Problem to work on:
Transcribe each record exactly, but omit pictures.

Records from a data collection

▼▼▼

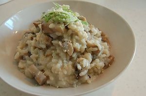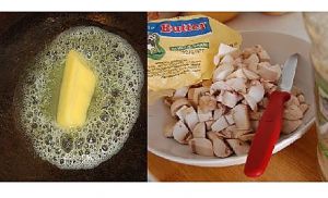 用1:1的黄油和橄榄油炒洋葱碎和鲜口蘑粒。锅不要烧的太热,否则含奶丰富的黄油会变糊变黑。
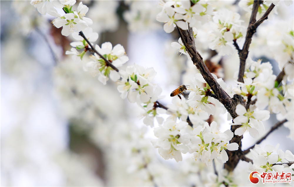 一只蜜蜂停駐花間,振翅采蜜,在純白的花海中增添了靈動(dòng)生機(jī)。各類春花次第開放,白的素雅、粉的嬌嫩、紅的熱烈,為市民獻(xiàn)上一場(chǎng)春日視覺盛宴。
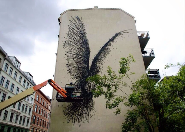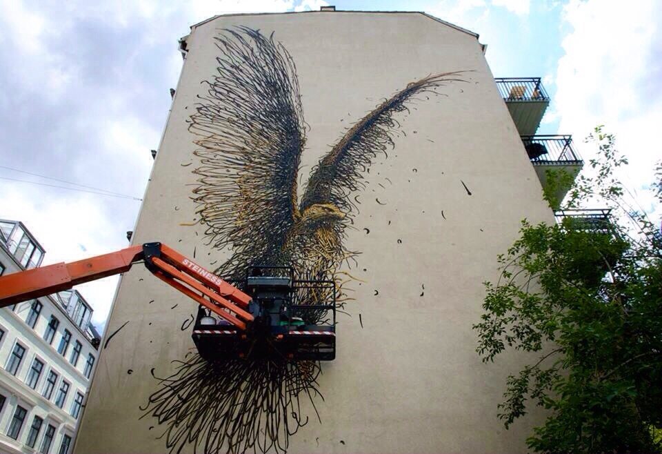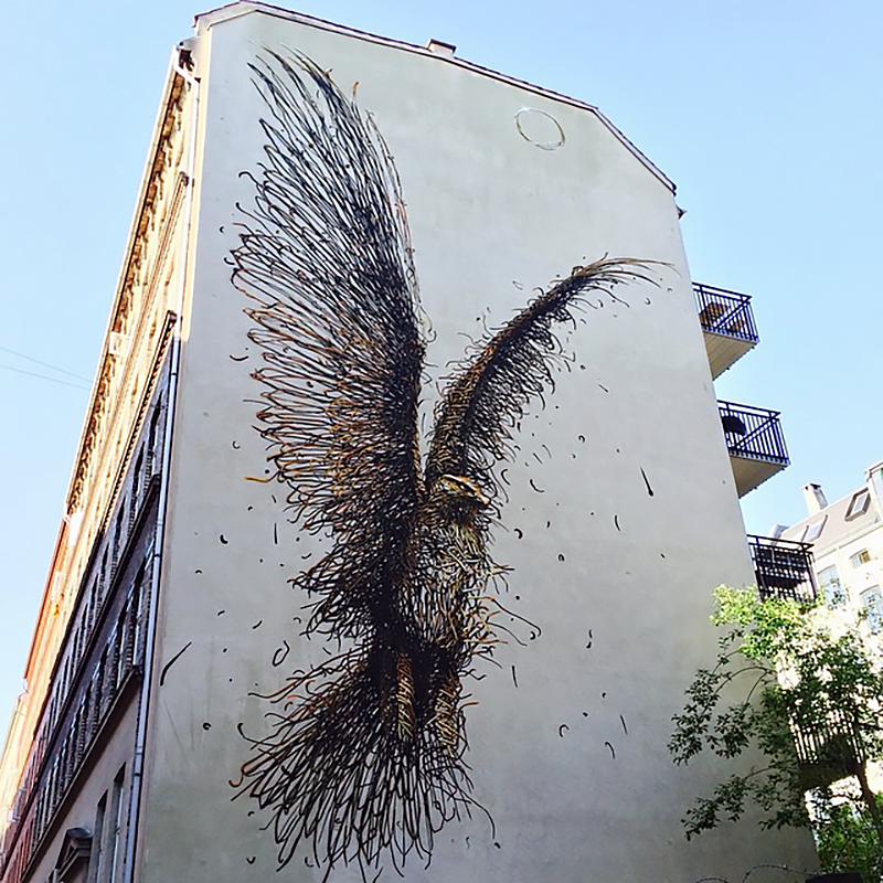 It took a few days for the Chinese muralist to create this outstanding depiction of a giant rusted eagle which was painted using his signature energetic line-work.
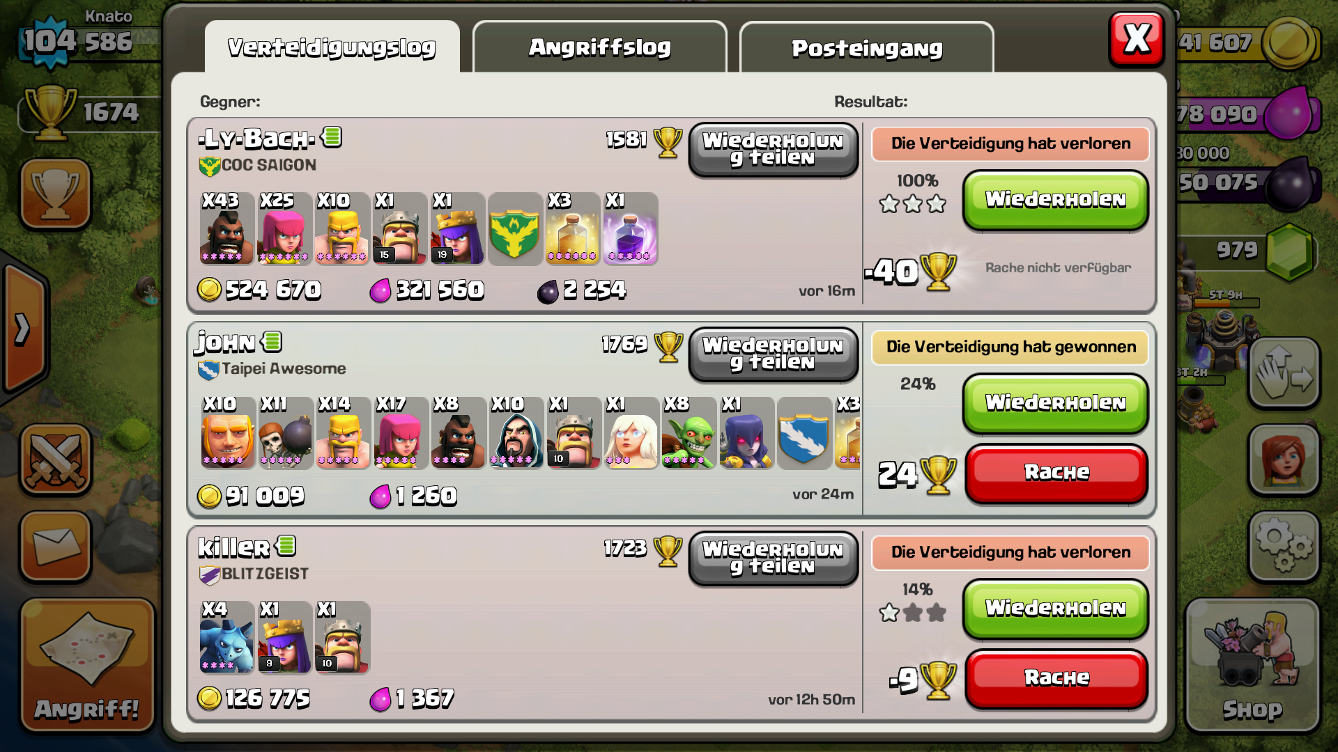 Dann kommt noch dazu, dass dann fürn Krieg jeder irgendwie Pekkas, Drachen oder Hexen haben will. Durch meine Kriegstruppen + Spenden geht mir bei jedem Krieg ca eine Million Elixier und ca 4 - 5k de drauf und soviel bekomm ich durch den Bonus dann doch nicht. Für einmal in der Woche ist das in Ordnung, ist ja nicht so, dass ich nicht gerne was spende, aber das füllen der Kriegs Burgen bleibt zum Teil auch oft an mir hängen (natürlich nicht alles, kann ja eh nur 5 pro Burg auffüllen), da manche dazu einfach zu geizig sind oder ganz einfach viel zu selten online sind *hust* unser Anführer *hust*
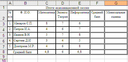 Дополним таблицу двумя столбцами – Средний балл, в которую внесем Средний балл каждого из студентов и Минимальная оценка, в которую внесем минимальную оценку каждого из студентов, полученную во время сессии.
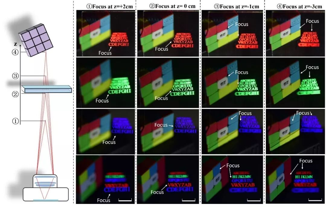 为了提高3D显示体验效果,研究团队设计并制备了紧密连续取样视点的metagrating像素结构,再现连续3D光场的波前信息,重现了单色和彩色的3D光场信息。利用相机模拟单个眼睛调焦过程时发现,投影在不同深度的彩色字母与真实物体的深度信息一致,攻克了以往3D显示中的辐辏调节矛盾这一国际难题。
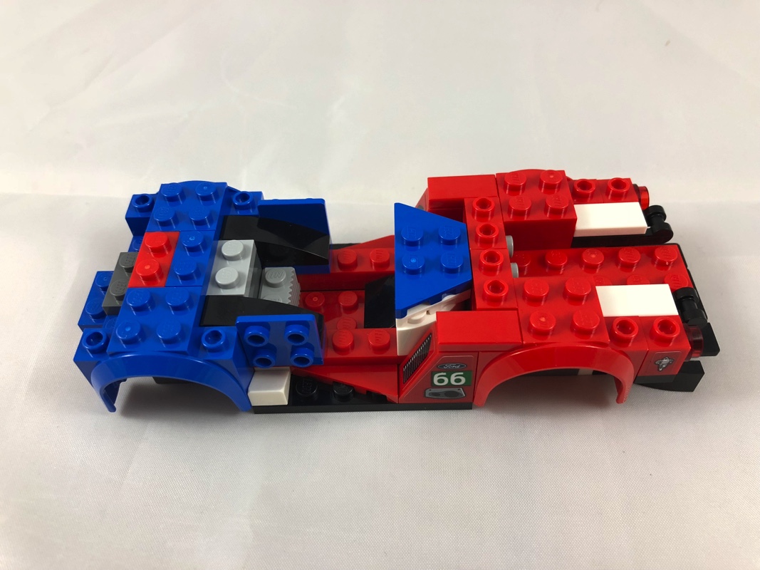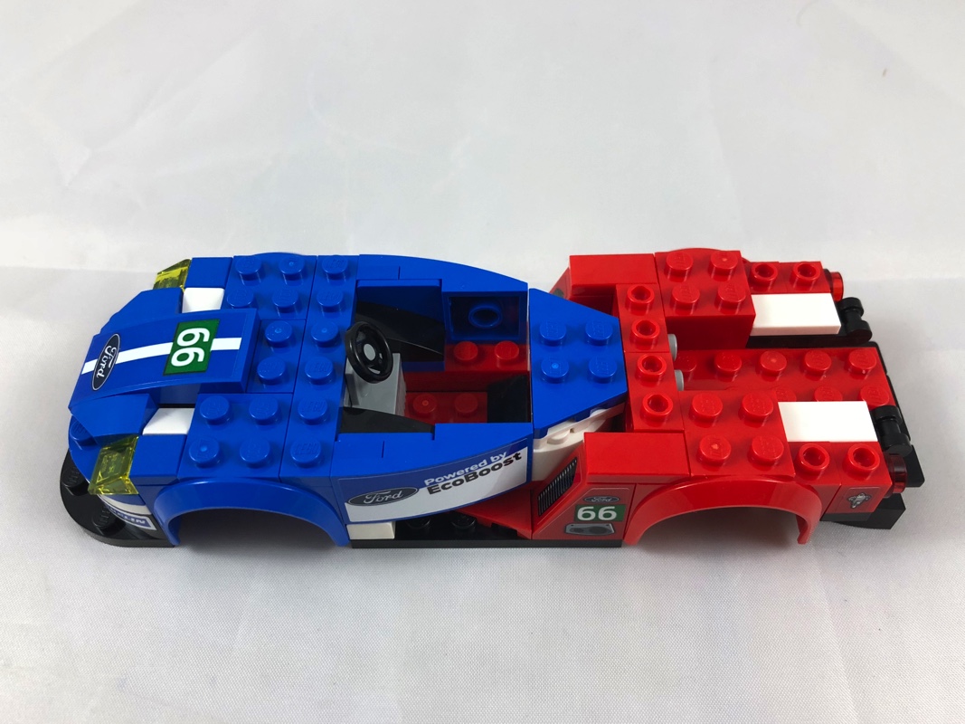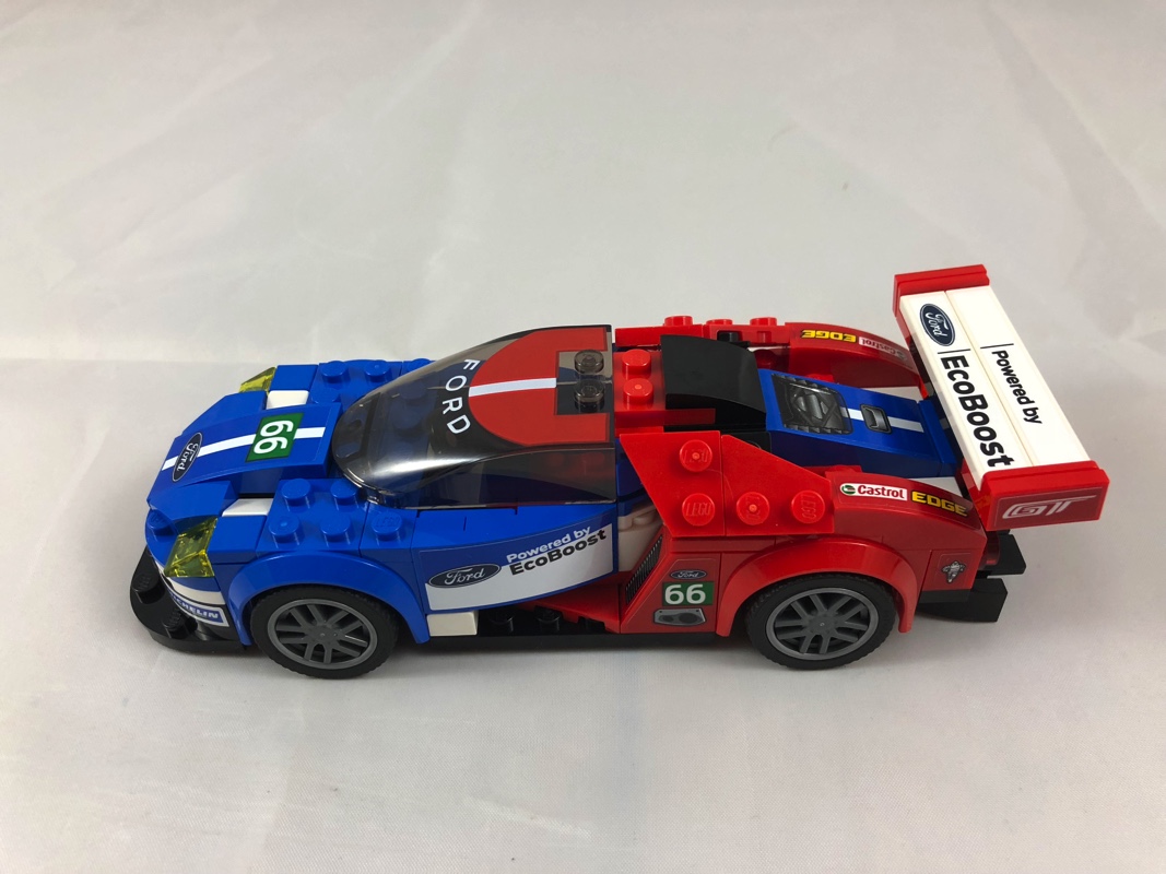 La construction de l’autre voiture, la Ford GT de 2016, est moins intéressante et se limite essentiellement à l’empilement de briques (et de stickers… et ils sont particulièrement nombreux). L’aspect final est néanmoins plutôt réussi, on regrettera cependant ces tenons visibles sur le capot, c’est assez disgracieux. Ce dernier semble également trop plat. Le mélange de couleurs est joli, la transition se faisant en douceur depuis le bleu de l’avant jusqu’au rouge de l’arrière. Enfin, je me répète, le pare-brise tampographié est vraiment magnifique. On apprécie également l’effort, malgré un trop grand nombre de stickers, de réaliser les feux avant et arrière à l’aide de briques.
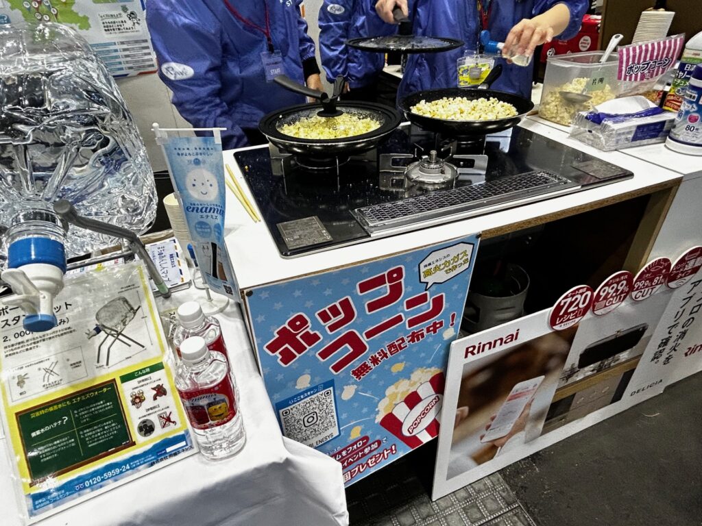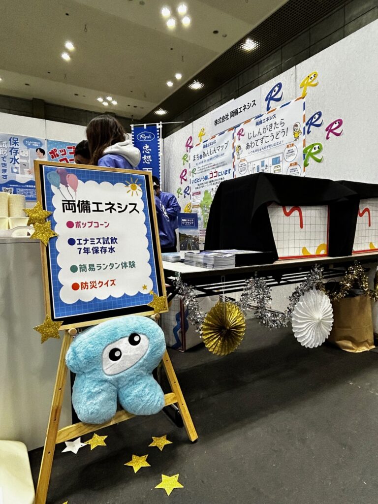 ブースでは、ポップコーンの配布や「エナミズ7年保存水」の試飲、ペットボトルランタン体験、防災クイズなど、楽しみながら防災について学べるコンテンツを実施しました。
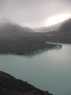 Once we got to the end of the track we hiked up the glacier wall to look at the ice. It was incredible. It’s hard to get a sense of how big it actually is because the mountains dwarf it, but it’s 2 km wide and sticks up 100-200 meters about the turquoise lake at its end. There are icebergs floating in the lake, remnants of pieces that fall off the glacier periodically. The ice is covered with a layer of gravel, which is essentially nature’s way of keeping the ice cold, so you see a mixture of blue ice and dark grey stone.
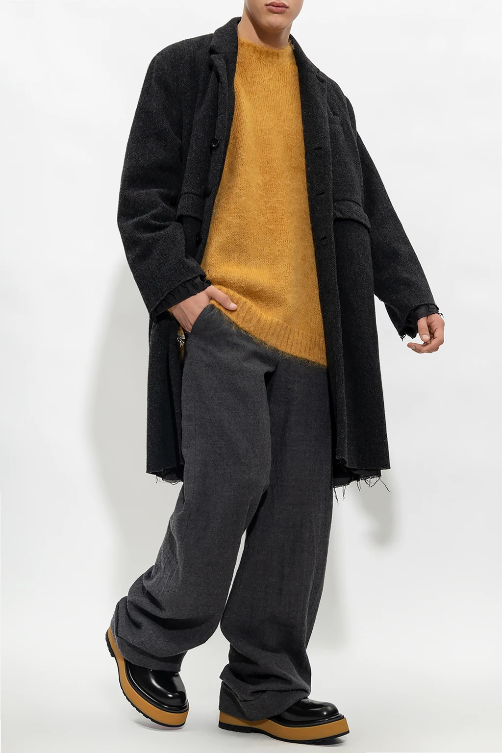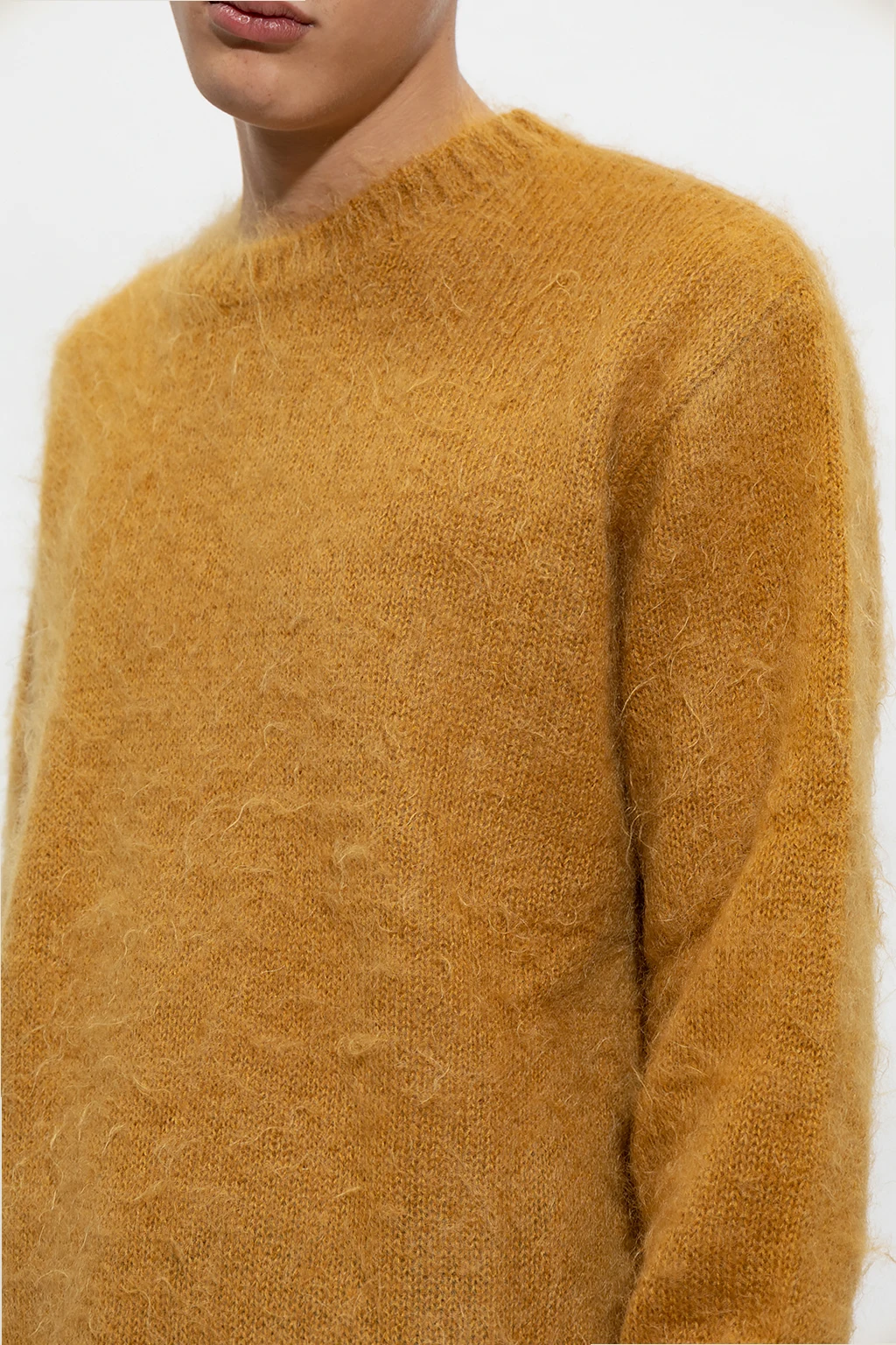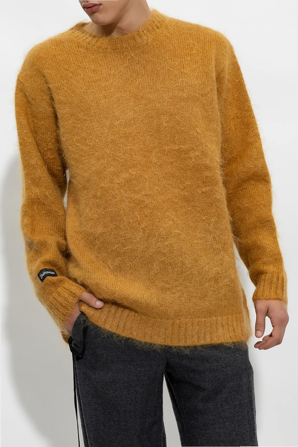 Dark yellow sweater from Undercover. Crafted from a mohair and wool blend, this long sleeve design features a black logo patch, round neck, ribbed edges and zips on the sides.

▲▲▲

Final answer:
 用1:1的黄油和橄榄油炒洋葱碎和鲜口蘑粒。锅不要烧的太热,否则含奶丰富的黄油会变糊变黑。
 一只蜜蜂停駐花間,振翅采蜜,在純白的花海中增添了靈動(dòng)生機(jī)。各類春花次第開放,白的素雅、粉的嬌嫩、紅的熱烈,為市民獻(xiàn)上一場(chǎng)春日視覺盛宴。
 It took a few days for the Chinese muralist to create this outstanding depiction of a giant rusted eagle which was painted using his signature energetic line-work.
 Dann kommt noch dazu, dass dann fürn Krieg jeder irgendwie Pekkas, Drachen oder Hexen haben will. Durch meine Kriegstruppen + Spenden geht mir bei jedem Krieg ca eine Million Elixier und ca 4 - 5k de drauf und soviel bekomm ich durch den Bonus dann doch nicht. Für einmal in der Woche ist das in Ordnung, ist ja nicht so, dass ich nicht gerne was spende, aber das füllen der Kriegs Burgen bleibt zum Teil auch oft an mir hängen (natürlich nicht alles, kann ja eh nur 5 pro Burg auffüllen), da manche dazu einfach zu geizig sind oder ganz einfach viel zu selten online sind *hust* unser Anführer *hust*
 Дополним таблицу двумя столбцами – Средний балл, в которую внесем Средний балл каждого из студентов и Минимальная оценка, в которую внесем минимальную оценку каждого из студентов, полученную во время сессии.
 为了提高3D显示体验效果,研究团队设计并制备了紧密连续取样视点的metagrating像素结构,再现连续3D光场的波前信息,重现了单色和彩色的3D光场信息。利用相机模拟单个眼睛调焦过程时发现,投影在不同深度的彩色字母与真实物体的深度信息一致,攻克了以往3D显示中的辐辏调节矛盾这一国际难题。
 La construction de l’autre voiture, la Ford GT de 2016, est moins intéressante et se limite essentiellement à l’empilement de briques (et de stickers… et ils sont particulièrement nombreux). L’aspect final est néanmoins plutôt réussi, on regrettera cependant ces tenons visibles sur le capot, c’est assez disgracieux. Ce dernier semble également trop plat. Le mélange de couleurs est joli, la transition se faisant en douceur depuis le bleu de l’avant jusqu’au rouge de l’arrière. Enfin, je me répète, le pare-brise tampographié est vraiment magnifique. On apprécie également l’effort, malgré un trop grand nombre de stickers, de réaliser les feux avant et arrière à l’aide de briques.
 ブースでは、ポップコーンの配布や「エナミズ7年保存水」の試飲、ペットボトルランタン体験、防災クイズなど、楽しみながら防災について学べるコンテンツを実施しました。
 Once we got to the end of the track we hiked up the glacier wall to look at the ice. It was incredible. It’s hard to get a sense of how big it actually is because the mountains dwarf it, but it’s 2 km wide and sticks up 100-200 meters about the turquoise lake at its end. There are icebergs floating in the lake, remnants of pieces that fall off the glacier periodically. The ice is covered with a layer of gravel, which is essentially nature’s way of keeping the ice cold, so you see a mixture of blue ice and dark grey stone.
 Dark yellow sweater from Undercover. Crafted from a mohair and wool blend, this long sleeve design features a black logo patch, round neck, ribbed edges and zips on the sides.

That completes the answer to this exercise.